В это мгновение в библиотеку вошла черноглазая Айшет с тазиком в руках, ожгла Веру взглядом и сказала:

– Хозяин, вам лекарство пить пора! И еще…

– Поди! – брезгливо и поспешно отмахнулся господин Златовратский. – И унеси это.

Поймав еще один взгляд молодой киргизки, Вера усмехнулась и подмигнула ей, по своему обычаю, обоими глазами. Айшет ничего не сказала, лишь раздула широкие ноздри и выдохнула. В затхлом воздухе библиотеки разлилось медленно затихающее шипение.

– Господи, за что ж она меня так ненавидит-то? – пожала плечами Вера, провожая взглядом Айшет. – ВЫ знаете? Мы ж с ней двух слов никогда не сказали… Право, я иногда даже чай опасаюсь брать у ней из рук – вдруг отравит?

– Вот как? – Златовратский задумался. Видно было, что очевидная каждому неприязнь Айшет к Вере до сих пор ускользала от его внимания. – Тебя это тревожит? Хочешь, я выгоню ее?

– Да Господь с вами, Левонтий Макарович! – удивилась Вера. – Что мне? А Айшет у вас с детства служит. Куда она пойдет? Да Бог с ней!… И что ж… – упрямо возвращаясь к разговору, прерванному появлением Айшет, продолжала женщина. – Получается, что ваш Ипполит и прочие, подобные ему: лишены свободы воли, но за ними – правда и будущее нашего племени?

– По всей видимости, за ними – закон природы, вот все, что я могу сказать с достаточной долей определенности…

Легок на помине, в библиотеку заглянул Коронин.

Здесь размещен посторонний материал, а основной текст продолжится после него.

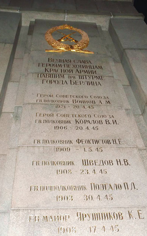 С Героем Советского Союза гв. полковником Войновым А. М. похожая ситуация. Согласно официальной справке ЦАМО такого офицера в Красной Армии никогда не было. Зато был гв. подполковник Воинков Александр Михайлович, командир 100-го гв. стрелкового полка 35-й гв. стрелковой дивизии. Он не успел стать Героем Советского Союза, хотя был внесен в предварительный список на представление к этому званию. Впрочем, уже то, что в свои неполных 24 года он стал подполковником и командовал гвардейским полком, говорит о многом. Кстати, его заместителем по артиллерии был В. И. Варенников, получивший в будущем огромную известность. Остается только гадать, каких высот мог достичь А. М. Воинков, если бы 20 апреля 1945 г. во время боя за Вальд-Зиферсдорф жизнь талантливого офицера-самородка не оборвала пуля вражеского снайпера. Через полчаса после гибели любимого командира полк в качестве прощального салюта произвел по противнику залп из всех видов оружия. И вот на протяжении уже многих лет его внуки безуспешно пытаются достучаться до чиновников всех рангов, пытаясь добиться разрешения исправить надпись на пилоне. Ответ стандартный: сожалеем, но сделать ничего нельзя, не хватает доказательств. То, что никакого Войнова никогда не было, а был Воинков, для чиновной братии доказательством не является. Факт, прекрасно иллюстрирующий отношение некоторых современных стряпчих к сохранению памяти о войне. Изуродовать имя настоящего героя — легко, увековечить память не-пойми-кого — запросто, здесь столоначальникам никакие доказательства не нужны. А вот исправить унизительную для всех нелепицу — нет! нельзя! не положено! Все-таки правильно говорят, что чиновники нужны не для изменений, а для того, чтобы все оставалось на своих местах. Исковерканные фамилии павших героев на памятнике в Тиргартене — прекрасное тому подтверждение.

– Вера Артемьевна, здравствуйте! – поздоровался он. – А я и не знал, что вы у нас, оттого не понял: что это Айшет мечется, как таракан с подпаленными усами? А отчего это вы на меня так смотрите, словно я – не я, а сибирский губернатор?

– Потому что вы, быть может, – закон природы! – честно ответила Вера.

От ее ответа Ипполит Михайлович невольно приосанился, а Златовратский мелко и противно захихикал.

– Терпеть ее не могу! – воскликнула Любочка, на мгновение оторвав взгляд от вышивки.

– Кого? Веру? Отчего ж так? – рассеянно откликнулась Каденька, раскладывавшая на столе какие-то не то рецепты, не то – сигнатуры. – Она, кажется, тебе ничего дурного не сделала…

– Каденька, ну неужели ты сама не замечаешь, какая она ужасная! Глаза у нее, как у змеи, никого не любит, не жалеет, рабочих они на пару с Алешей обманывают и спаивают как могут. Мне Машенька много рассказывала…

– Все, что рассказывает Машенька относительно Веры, я бы рекомендовала тебе делить на четыре. Это раз. Два – относительно «не любит». Все знают, что Вера без памяти любила несчастного Матвея Александровича…

– Это он ее без памяти любил! – вскричала Любочка. – А она… Не прошло и двух лет, как она с Алешей сошлась…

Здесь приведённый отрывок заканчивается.